EUME
2011/ 2012

Ihab Saloul

The Rhetoric of National Belonging: Contested Memories in Palestinian and Israeli Third-Generations’ Narratives, 2001-2014

Ihab Saloul is a Lecturer in Comparative Literature and Media at Maastricht University, and a Researcher at the Amsterdam School for Cultural Analysis (ASCA), University of Amsterdam. He studied English Literature and Political Science (BA, 1997) at Birzeit University, Palestine, English Literature and Political Communication (MA, 2001), Cultural Analysis (MPhil, 2002), Cultural Analysis and Comparative Literature (PhD, 2009) at the University of Amsterdam. Saloul's research and teaching areas include the study of cultural memory and identity politics, diaspora and migration, literary theory and visual analysis as well as cultural thought in the Middle East with a focus on contemporary Palestinian and Israeli societies.

The Rhetoric of National Belonging: Contested Memories in Palestinian and Israeli Third-Generations’ Narratives, 2001-2014

During his fellowship with EUME, Saloul will work on a book project that deals with the aesthetics of displacement in Palestinian and Israeli cultural memories and their effects on the making of social imaginations and political orders in the Middle East.
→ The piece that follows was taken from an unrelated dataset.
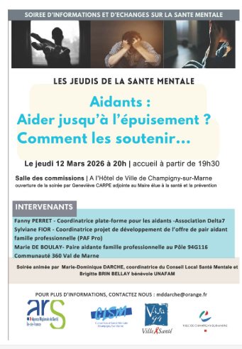 Être aidant, c'est accompagner un proche au quotidien, souvent au détriment de sa propre santé. Le Conseil Local de Santé Mentale de Champigny-sur-Marne vous invite à une soirée d'informations et d'échanges pour mieux comprendre cette réalité et découvrir les ressources disponibles.

Provisionally entitled "The Rhetoric of National Belonging: Contested Memories in Palestinian and Israeli Third Generations' Narratives, 2001–2014", this comparative study explores the ways in which diverse experiences of exile and travel generate conflicted understandings of collective memory, and how those memories circulate in wider social worlds, helping to shape and reshape national and territorial claims in Palestine and Israel today.